New features, backwards incompatibilities and migration guide

We’re very excited to finally introduce spaCy v2.0! On this page, you’ll find a summary of the new features, information on the backwards incompatibilities, including a handy overview of what’s been renamed or deprecated. To help you make the most of v2.0, we also re-wrote almost all of the usage guides and API docs, and added more real-world examples. If you’re new to spaCy, or just want to brush up on some NLP basics and the details of the library, check out the spaCy 101 guide that explains the most important concepts with examples and illustrations.


This release features entirely new deep learning-powered models for spaCy’s tagger, parser and entity recognizer.
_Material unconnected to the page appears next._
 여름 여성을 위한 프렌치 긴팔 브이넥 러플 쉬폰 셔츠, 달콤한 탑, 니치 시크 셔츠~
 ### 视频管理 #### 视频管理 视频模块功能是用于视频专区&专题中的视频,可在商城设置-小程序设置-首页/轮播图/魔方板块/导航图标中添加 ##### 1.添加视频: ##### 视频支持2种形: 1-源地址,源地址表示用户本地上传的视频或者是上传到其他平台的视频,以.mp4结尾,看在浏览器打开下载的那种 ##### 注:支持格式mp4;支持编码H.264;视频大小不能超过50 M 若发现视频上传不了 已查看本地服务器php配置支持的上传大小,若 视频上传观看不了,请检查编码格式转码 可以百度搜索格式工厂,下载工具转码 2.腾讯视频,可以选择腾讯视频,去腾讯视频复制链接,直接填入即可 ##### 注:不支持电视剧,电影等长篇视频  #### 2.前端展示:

The new models are 10× smaller, 20% more accurate and even cheaper to run than the previous generation.

We’ve also made several usability improvements that are particularly helpful for production deployments. spaCy v2 now fully supports the Pickle protocol, making it easy to use spaCy with Apache Spark. The string-to-integer mapping is no longer stateful, making it easy to reconcile annotations made in different processes. Models are smaller and use less memory, and the APIs for serialization are now much more consistent. Custom pipeline components let you modify the Doc at any stage in the pipeline. You can now also add your own custom attributes, properties and methods to the Doc, Token and Span.
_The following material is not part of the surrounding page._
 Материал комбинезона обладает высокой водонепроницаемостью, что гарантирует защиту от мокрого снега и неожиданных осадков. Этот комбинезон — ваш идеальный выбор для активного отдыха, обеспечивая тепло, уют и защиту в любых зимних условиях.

The main usability improvements you’ll notice in spaCy v2.0 are around defining, training and loading your own models and components. The new neural network models make it much easier to train a model from scratch, or update an existing model with a few examples. In v1.x, the statistical models depended on the state of the Vocab. If you taught the model a new word, you would have to save and load a lot of data — otherwise the model wouldn’t correctly recall the features of your new example. That’s no longer the case.

Due to some clever use of hashing, the statistical models never change size, even as they learn new vocabulary items. The whole pipeline is also now fully differentiable. Even if you don’t have explicitly annotated data, you can update spaCy using all the latest deep learning tricks like adversarial training, noise contrastive estimation or reinforcement learning.

New features

This section contains an overview of the most important new features and improvements. The API docs include additional deprecation notes. New methods and functions that were introduced in this version are marked with the tag v2.0.
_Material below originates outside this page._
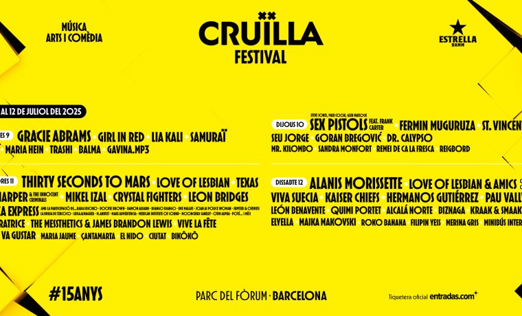 A més a més, serà una edició molt especial; el Festival Cruïlla fa 15 anys! I per celebrar-ho com toca, volem que balleu, que canteu, que rieu i que gaudiu com mai! I la prova la programació d’artistes que formaran part del cartell musical d’enguany! Descobreix tota la informació dels artistes!

Convolutional neural network models

spaCy v2.0 features new neural models for tagging, parsing and entity recognition. The models have been designed and implemented from scratch specifically for spaCy, to give you an unmatched balance of speed, size and accuracy. The new models are 10× smaller, 20% more accurate, and even cheaper to run than the previous generation.

spaCy v2.0’s new neural network models bring significant improvements in accuracy, especially for English Named Entity Recognition. The new en_core_web_lg model makes about 25% fewer mistakes than the corresponding v1.x model and is within 1% of the current state-of-the-art (Strubell et al., 2017). The v2.0 models are also cheaper to run at scale, as they require under 1 GB of memory per process.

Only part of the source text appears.